Archive for November 2007

A commenter on the Opening Bell this morning linked to an FT article suggesting that private equity actually (surprise suprise) underperforms major public equity benchmarks, like the S&P 500. We’re a bit skeptical of most data that tries to aggregate results for this kind of stuff, cause it’s got to be riddled with bad data and other biases borne out of the data collection methods.
This part however was interesting and believable:

Mr Gottschlag admitted that some private equity firms were consistently outperforming the stock market. But he was sceptical about the number of buy-out funds that say they are “top-quartile” in performance rankings. “I have never met a general partner who was not top-quartile. So I wonder where three-quarters of the industry is hiding,” he said.

This same observation has been made many times, not just with PE, but with hedge and VC funds as well. Still, have to wonder whether the mistake is in thinking of private equity as an asset class that’s comparable with the public markets.

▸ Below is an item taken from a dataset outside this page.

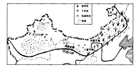 问题: ①描述图中自然景观的变化规律并解释原因。 ②分析该地区面临的主要问题并提出解决途径。

Reading this brought to mind an old post from Eric Falkenstein arguing against the old saw that risk and return are positively correlated:

Thus, I posit the theory that risk is compensated by return, but only in areas that are non-zero sum. When investors merely buy existing claims from each other, they are engaged in overconfidence (see Milgrom-Stokey’s No Trade Theorem ). People self-select into non-zero sum situations based on their informational advantages and above-average ability, and on average prosper accordingly. Thus you need not only a high tolerance for risk, but moxie, because it takes energy and negotiating prowess to create and capture these non-standard options from one’s investments. They are active investments even if the activity is merely in the negotiation of rights.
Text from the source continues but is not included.